▶ [STORED DATA]
|---|

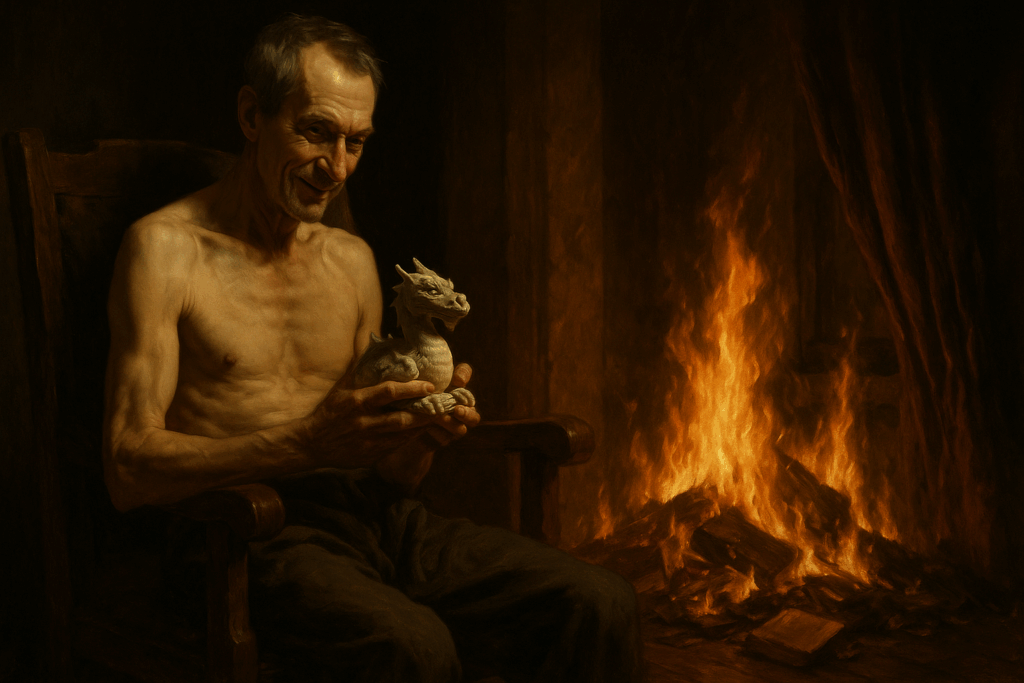 Exausto, voltou a sentar-se na poltrona abraçado ao dragãozinho branco.
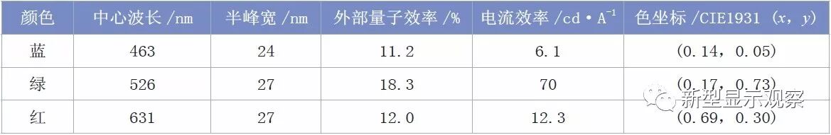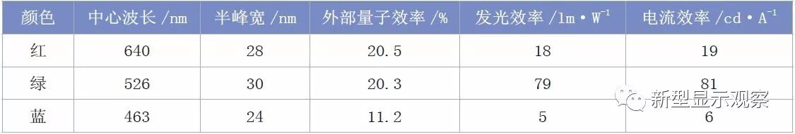 国内外有很多机构在进行量子点材料的开发,根据已经发表的成果,RGB(红绿蓝)三原色量子点材料的相关参数可参考表1。目前,绿色的转换效率最好,蓝色相对较差。
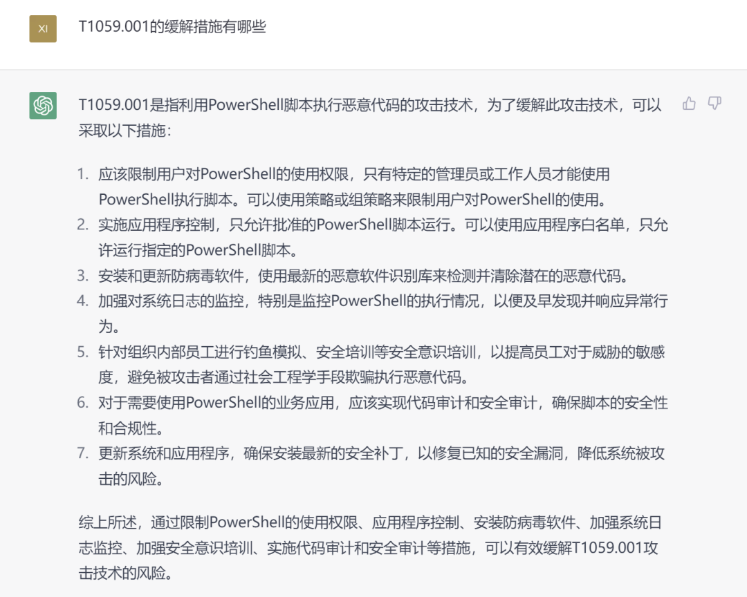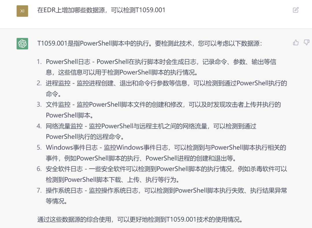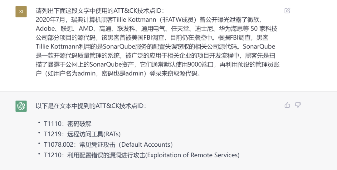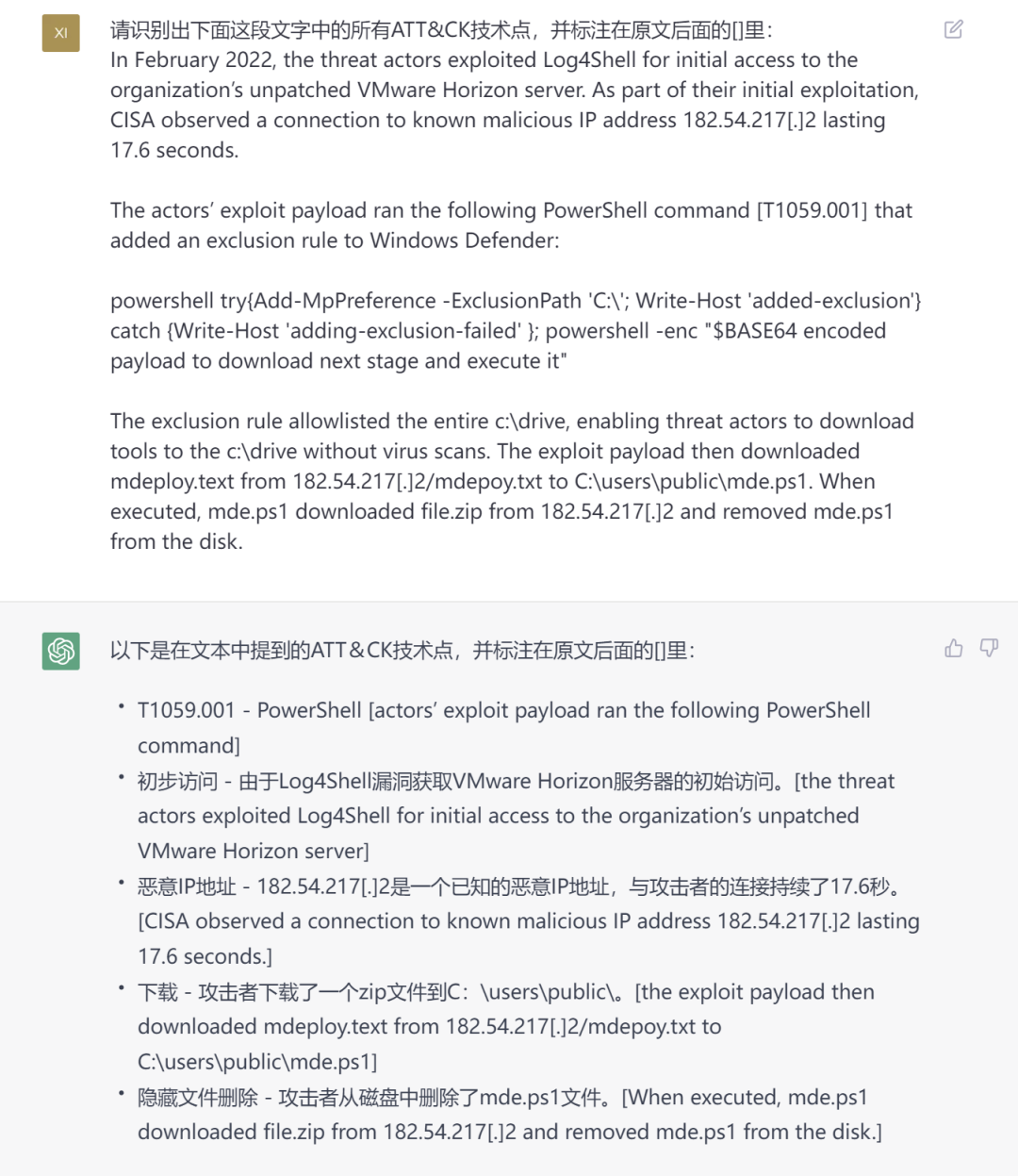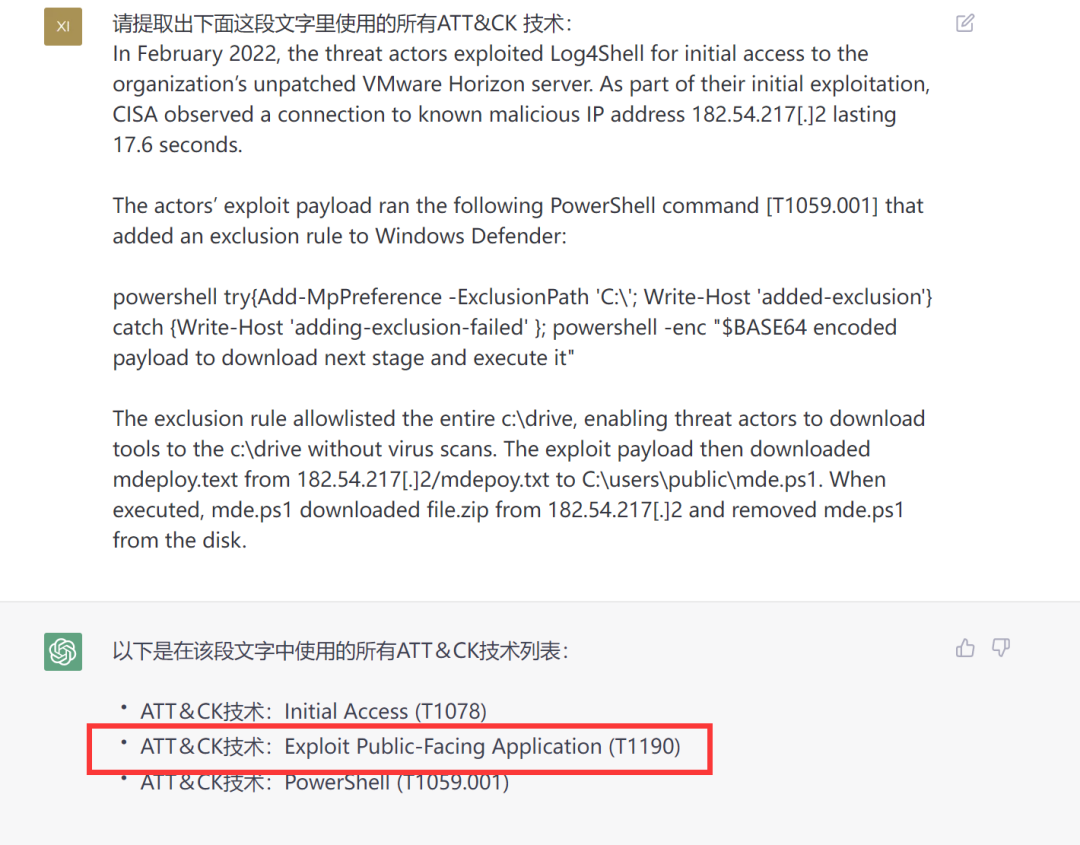 上面问题主要考察了ChatGPT对ATT&CK相关概念的理解程度,结果还是非常让人满意的。

|---|

▶ [WHAT YOU WILL DO]
The data should be printed again unchanged; leave its pictures out.

▶ [WRITTEN REPLY]
 Exausto, voltou a sentar-se na poltrona abraçado ao dragãozinho branco.
 国内外有很多机构在进行量子点材料的开发,根据已经发表的成果,RGB(红绿蓝)三原色量子点材料的相关参数可参考表1。目前,绿色的转换效率最好,蓝色相对较差。
 上面问题主要考察了ChatGPT对ATT&CK相关概念的理解程度,结果还是非常让人满意的。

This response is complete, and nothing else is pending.